WHAT YOU WILL DO
Within the records below, find the line with "Ensimmäisenä esittelykuntoon valmistuu" and the line with "( 哥林多後書 1 章", then reproduce exactly those two lines and all lines between them, without any picture.

DATASET EXCERPTS
# # # #

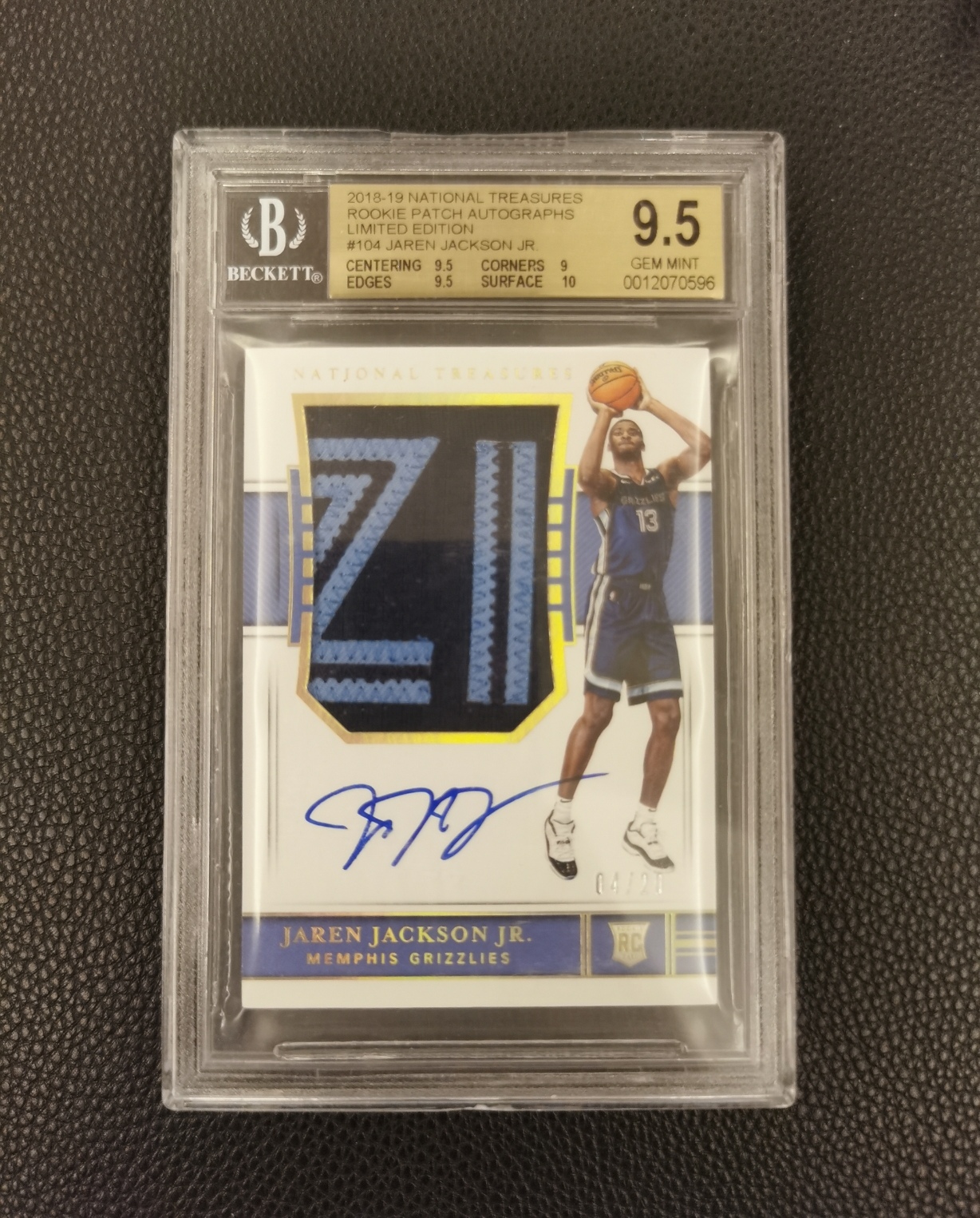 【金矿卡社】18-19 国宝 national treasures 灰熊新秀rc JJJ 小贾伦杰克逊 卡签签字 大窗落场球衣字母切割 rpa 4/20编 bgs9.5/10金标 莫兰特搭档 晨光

# # # #

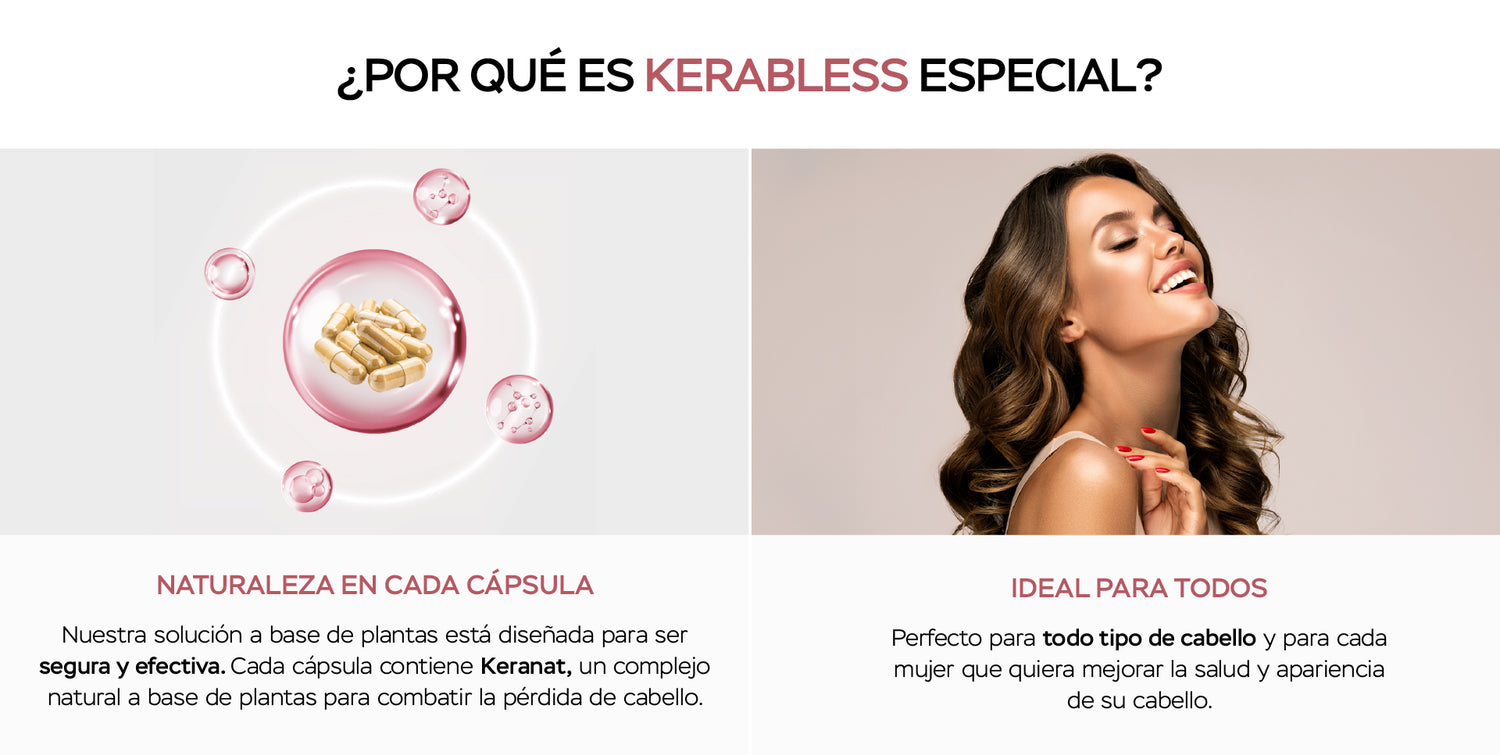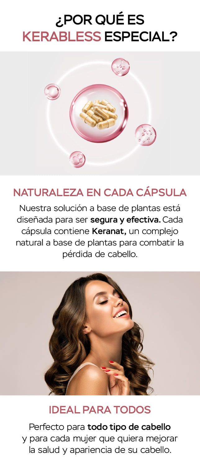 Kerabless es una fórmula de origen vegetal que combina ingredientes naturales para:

# # # #

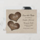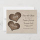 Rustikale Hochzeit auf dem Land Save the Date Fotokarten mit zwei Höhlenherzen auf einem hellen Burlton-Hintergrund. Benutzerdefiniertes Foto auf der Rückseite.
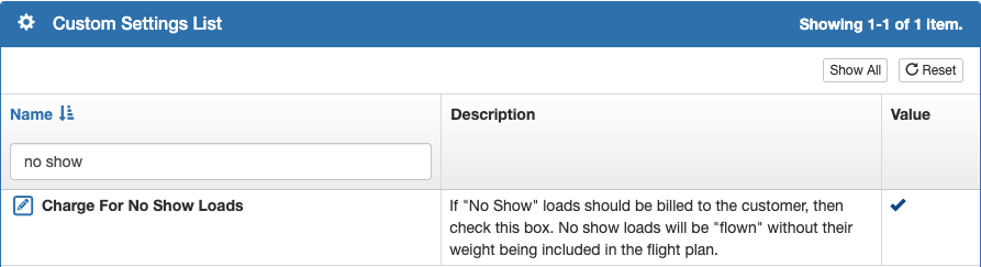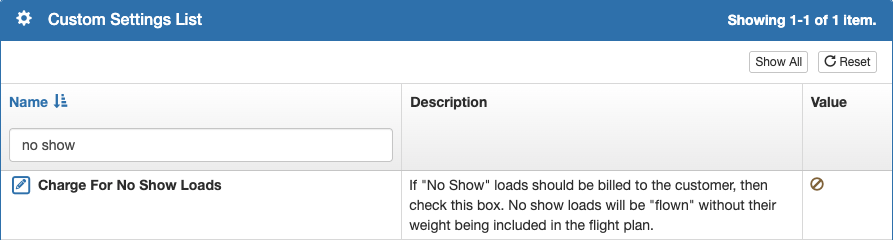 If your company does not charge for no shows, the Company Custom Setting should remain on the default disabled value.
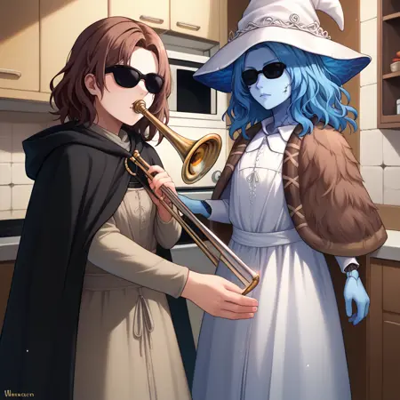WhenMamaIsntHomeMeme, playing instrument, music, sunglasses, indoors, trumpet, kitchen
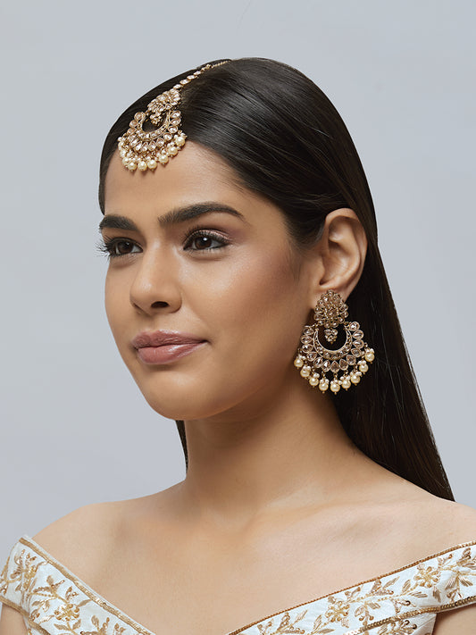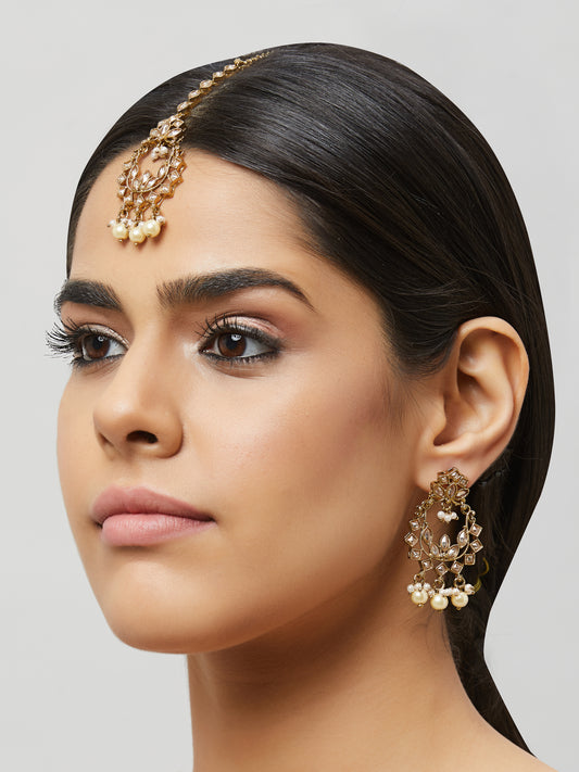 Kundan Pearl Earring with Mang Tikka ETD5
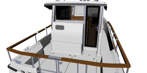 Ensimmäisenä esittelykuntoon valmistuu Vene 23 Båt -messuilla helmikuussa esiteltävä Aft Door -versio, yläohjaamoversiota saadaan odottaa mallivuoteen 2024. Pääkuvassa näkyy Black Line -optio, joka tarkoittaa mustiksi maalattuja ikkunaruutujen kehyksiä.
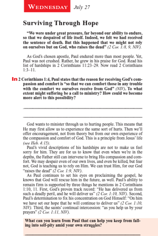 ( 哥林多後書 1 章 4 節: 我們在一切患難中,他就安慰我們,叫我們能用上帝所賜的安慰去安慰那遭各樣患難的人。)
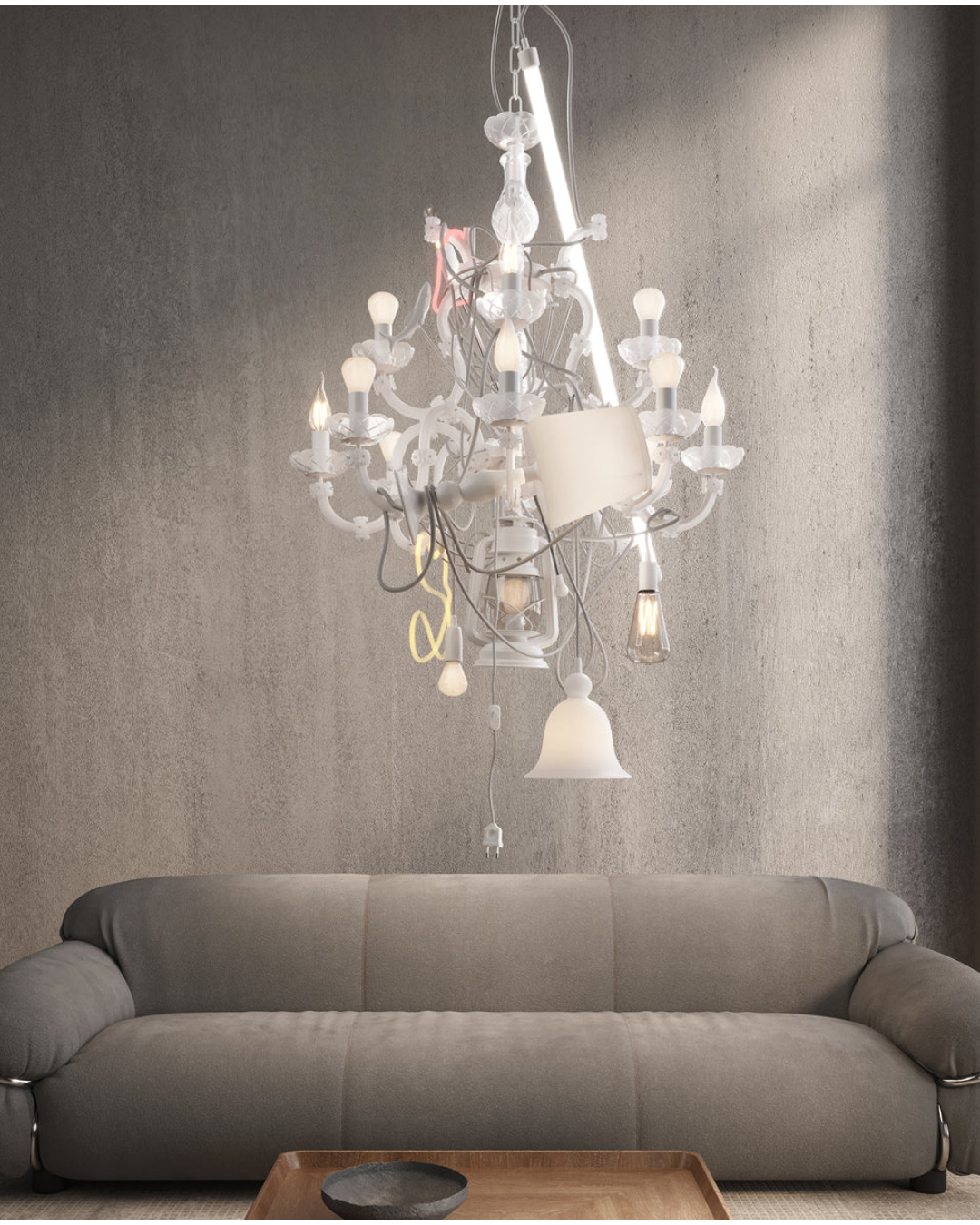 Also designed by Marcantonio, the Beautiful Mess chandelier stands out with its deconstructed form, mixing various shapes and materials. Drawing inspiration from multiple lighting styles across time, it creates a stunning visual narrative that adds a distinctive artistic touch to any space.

# # # #

TASK ANSWER
 Ensimmäisenä esittelykuntoon valmistuu Vene 23 Båt -messuilla helmikuussa esiteltävä Aft Door -versio, yläohjaamoversiota saadaan odottaa mallivuoteen 2024. Pääkuvassa näkyy Black Line -optio, joka tarkoittaa mustiksi maalattuja ikkunaruutujen kehyksiä.
 ( 哥林多後書 1 章 4 節: 我們在一切患難中,他就安慰我們,叫我們能用上帝所賜的安慰去安慰那遭各樣患難的人。)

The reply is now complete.